Jacob caused a great stir with a plan he drew of Solomon's Temple. It was exhibited before Charles II of England. The author published a concise, comprehensive Spanish description entitled Retrato del Templo de Selomoh (Portrait of the Temple of Solomon) in Middelburg in 1642. This was translated into Dutch in the same year, into French in 1643, and by himself into Hebrew in 1650, with the title Tavnith Hekhal. Augustus II, Duke of Brunswick, and more particularly his wife Elizabeth, wished a German translation of this description and entrusted the task to Johann Saubert of Helmstedt. Someone else published such a translation in 1665, and Saubert wrote a Latin translation in that year. An English version appeared in 1778, done by Moses Pereira de Castro, his great-grandson, the son of Isaac Pereira de Castro and Lea DeLeon, the daughter of his son Abraham, and in whose possession the plan was then held.

In 1647 Jacob wrote Tratado de la Arca del Testamento (Amsterdam, 1653). His treatise on the cherubim, their form and nature, written in Latin in 1647, appeared in Spanish under the title Tratado de los Cherubim (Amsterdam, 1654); and his description of Moses' tabernacle, written in 1647 in Dutch, was published under the title Retrato del Tabernaculo de Moseh (Amsterdam, 1654), and in English (1675). His last work was a Spanish paraphrase of the Psalms, which was printed with the text under the title Las Alabanças de Santitad (Amsterdam, 1671) and, as stated in the introduction, was written in seven months. The work was dedicated to Isaac Senior Teixéyra, a financial agent in Hamburg of Queen Christina of Sweden. Many ḥakhamim, scholars, and poets in Hebrew, Latin, and Spanish verses praised it.

Jacob also wrote a dialogue (Colloquium Middelburgense) between a rabbi and a Christian scholar on the value of Christian dogmas, and he left in a manuscript Disputaciones con Diferentes Theologos de la Cristiandad.

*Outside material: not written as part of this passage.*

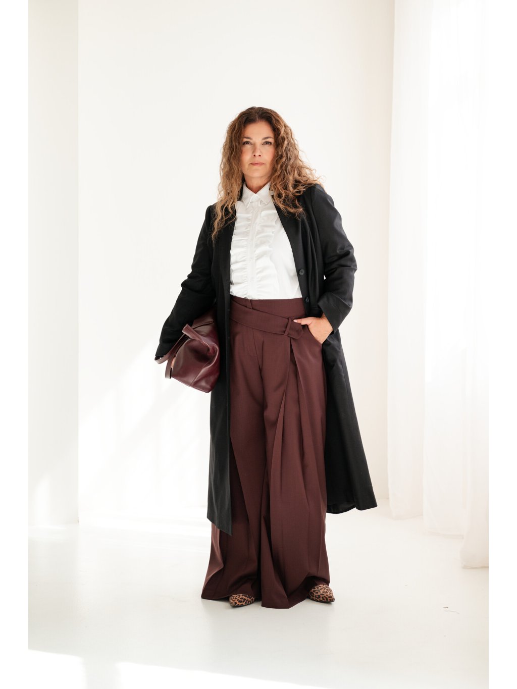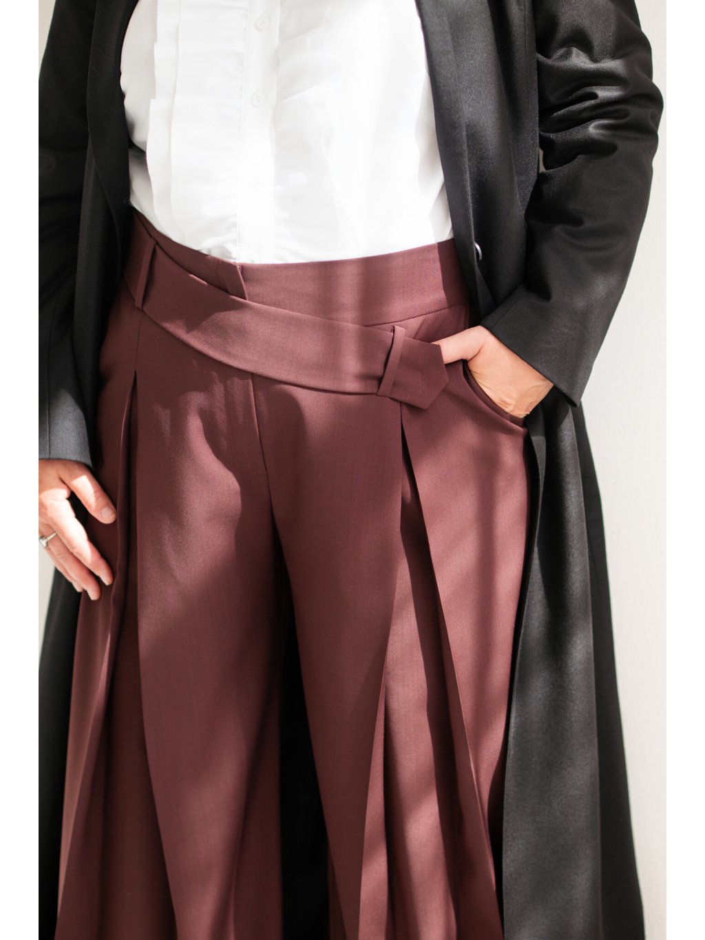 S vysokým pasem, asymetrickým páskem a rozšířeným střihem nohavic jsou nejen nesmírně pohodlné, ale zároveň i šik a moderní. K dispozici v černé a modré barvě, ale na objednání i v dalších barvách, které snadno zapadnou do každého šatníku.

He was a skilful draftsman. The coat of arms of the Antient Grand Lodge of England with the motto, now "Holiness to the Lord," is the work of Judah Leon accord to Laurence Dermott, the first Grand Secretary, who in his book Ahiman Rezon attributes it to the "famous and learned Hebrewist, architect, and brother, Rabi Jacob Jehudah Leon." A version of this still exists as the arms of the United Grand Lodge of England and the Grand Lodge of Ireland. Although referred to as a "brother" in the text, Judah preceded the popular rise of freemasonry in England and is not known to have been personally initiated into a lodge. Judah also drew more than 200 figures and vignettes to illustrate Talmudical subjects, which his son Solomon gave to Willem Surenhuis for his Latin translation of the Mishnah.